▶ [WHAT YOU HAVE TO DO] Look through the listing below and write out exactly the lines from the line with "スタンプを使って好きな模様を" to the line with "Die Formen nur", both included, and no others.

▶ [DATA TO PROCESS]
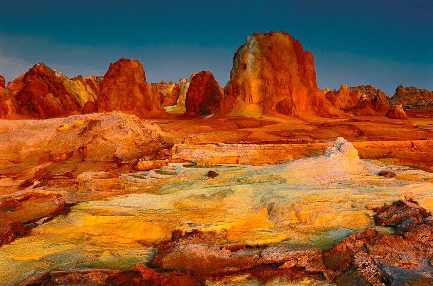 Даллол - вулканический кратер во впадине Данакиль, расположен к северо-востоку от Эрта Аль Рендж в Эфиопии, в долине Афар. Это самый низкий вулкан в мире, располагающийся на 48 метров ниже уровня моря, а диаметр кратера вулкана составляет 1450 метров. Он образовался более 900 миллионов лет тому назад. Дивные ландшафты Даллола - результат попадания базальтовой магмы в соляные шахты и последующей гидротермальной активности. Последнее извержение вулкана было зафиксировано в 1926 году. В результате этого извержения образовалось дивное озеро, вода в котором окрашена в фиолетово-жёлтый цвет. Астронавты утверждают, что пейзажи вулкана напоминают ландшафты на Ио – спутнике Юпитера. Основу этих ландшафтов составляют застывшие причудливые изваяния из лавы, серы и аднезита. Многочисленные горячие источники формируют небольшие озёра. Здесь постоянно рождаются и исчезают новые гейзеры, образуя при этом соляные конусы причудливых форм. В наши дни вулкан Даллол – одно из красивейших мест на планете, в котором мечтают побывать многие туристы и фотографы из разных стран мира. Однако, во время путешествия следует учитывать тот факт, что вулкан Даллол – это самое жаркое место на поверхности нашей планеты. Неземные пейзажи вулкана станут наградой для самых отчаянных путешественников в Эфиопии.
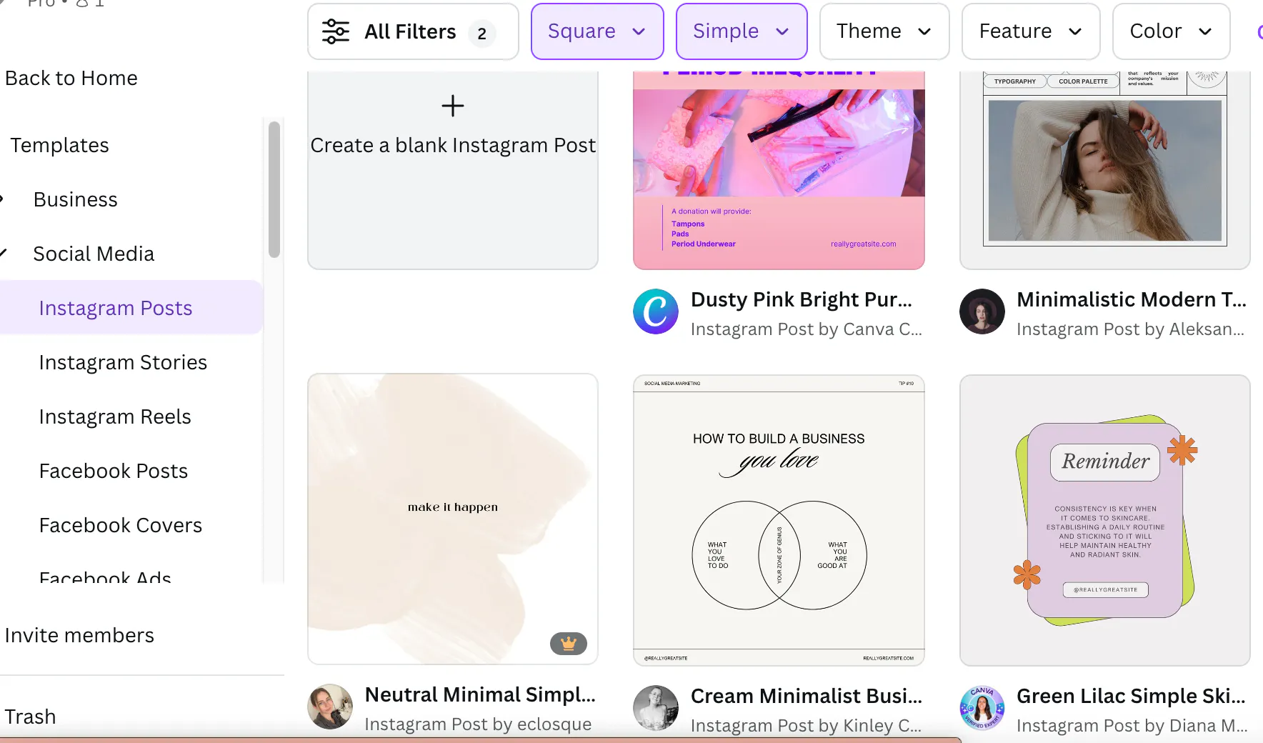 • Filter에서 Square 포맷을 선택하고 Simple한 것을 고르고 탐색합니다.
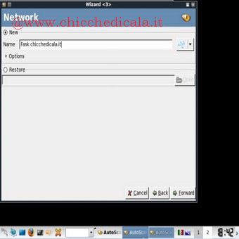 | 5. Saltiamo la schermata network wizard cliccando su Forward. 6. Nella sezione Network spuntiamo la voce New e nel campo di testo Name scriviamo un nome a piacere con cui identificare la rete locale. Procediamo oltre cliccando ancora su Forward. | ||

* * *

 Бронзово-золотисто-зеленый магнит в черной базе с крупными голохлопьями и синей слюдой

* * *

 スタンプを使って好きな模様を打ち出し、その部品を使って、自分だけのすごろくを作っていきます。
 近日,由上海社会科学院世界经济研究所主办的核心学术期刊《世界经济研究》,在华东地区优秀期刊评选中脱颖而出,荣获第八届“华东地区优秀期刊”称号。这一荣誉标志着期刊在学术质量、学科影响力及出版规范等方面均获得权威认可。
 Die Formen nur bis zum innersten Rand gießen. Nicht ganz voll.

▶ [RESULT OF THIS TASK]
 スタンプを使って好きな模様を打ち出し、その部品を使って、自分だけのすごろくを作っていきます。
 近日,由上海社会科学院世界经济研究所主办的核心学术期刊《世界经济研究》,在华东地区优秀期刊评选中脱颖而出,荣获第八届“华东地区优秀期刊”称号。这一荣誉标志着期刊在学术质量、学科影响力及出版规范等方面均获得权威认可。
 Die Formen nur bis zum innersten Rand gießen. Nicht ganz voll.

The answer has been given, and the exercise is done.